**Work task:** Please write out exactly the lines from the one with "Messing & messing" through the end of the data below, both ends included, and omit any pictures.

**Information shown:**
* * * *
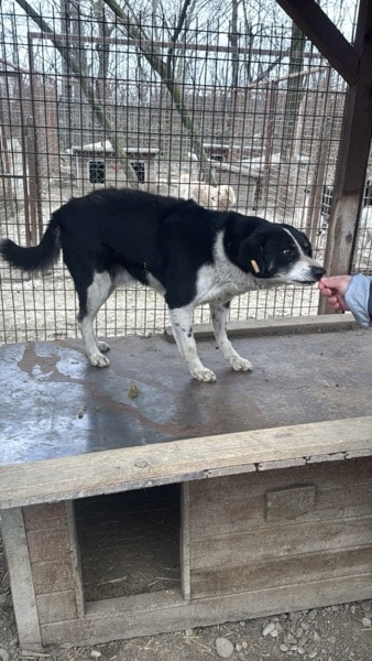 Liron ist nun schon seit mindestens sieben Jahren im Shelter – was für eine vertane Lebenszeit. Als wir den Kennel betraten, begrüßte er uns vom Hüttendach aus, das er jedoch nicht verlassen wollte. Er war freundlich, offen und neugierig und nahm Leckerchen aus der Hand. Zu mehr fehlte ihm noch der Mut.
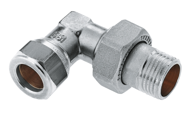 Messing & messing vertinde knelfittingen. Radiatorkoppeling haaks. Koppeling buitendraad x knel.
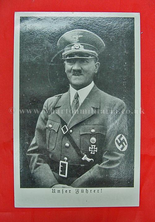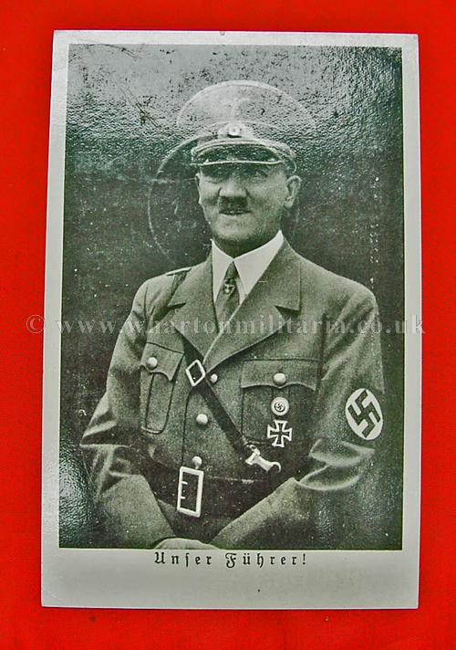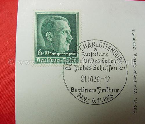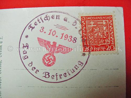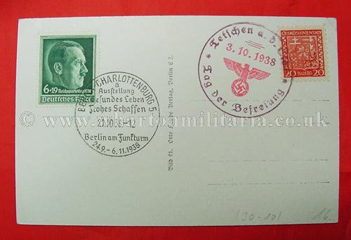 A scarce early NSDAP period postcard of Adolf Hitler in excellent condition, post franked 3rd October 1938 - 'Tag der Befrefung' - Day of Liberation - 3rd Reich entry into pre-war Czechoslovakia, along with the commemorative franking of the Berlin Charlottenburg Exhibition and a Hitler stamp showing him in bust format. A nice clean postcard with two nice commemorative postal franks. These types of franked postcard were bought at events and were able to then be posted at a later time, initially they are like First Day Covers.
* * * *
**Problem solution:**
 Messing & messing vertinde knelfittingen. Radiatorkoppeling haaks. Koppeling buitendraad x knel.
 A scarce early NSDAP period postcard of Adolf Hitler in excellent condition, post franked 3rd October 1938 - 'Tag der Befrefung' - Day of Liberation - 3rd Reich entry into pre-war Czechoslovakia, along with the commemorative franking of the Berlin Charlottenburg Exhibition and a Hitler stamp showing him in bust format. A nice clean postcard with two nice commemorative postal franks. These types of franked postcard were bought at events and were able to then be posted at a later time, initially they are like First Day Covers.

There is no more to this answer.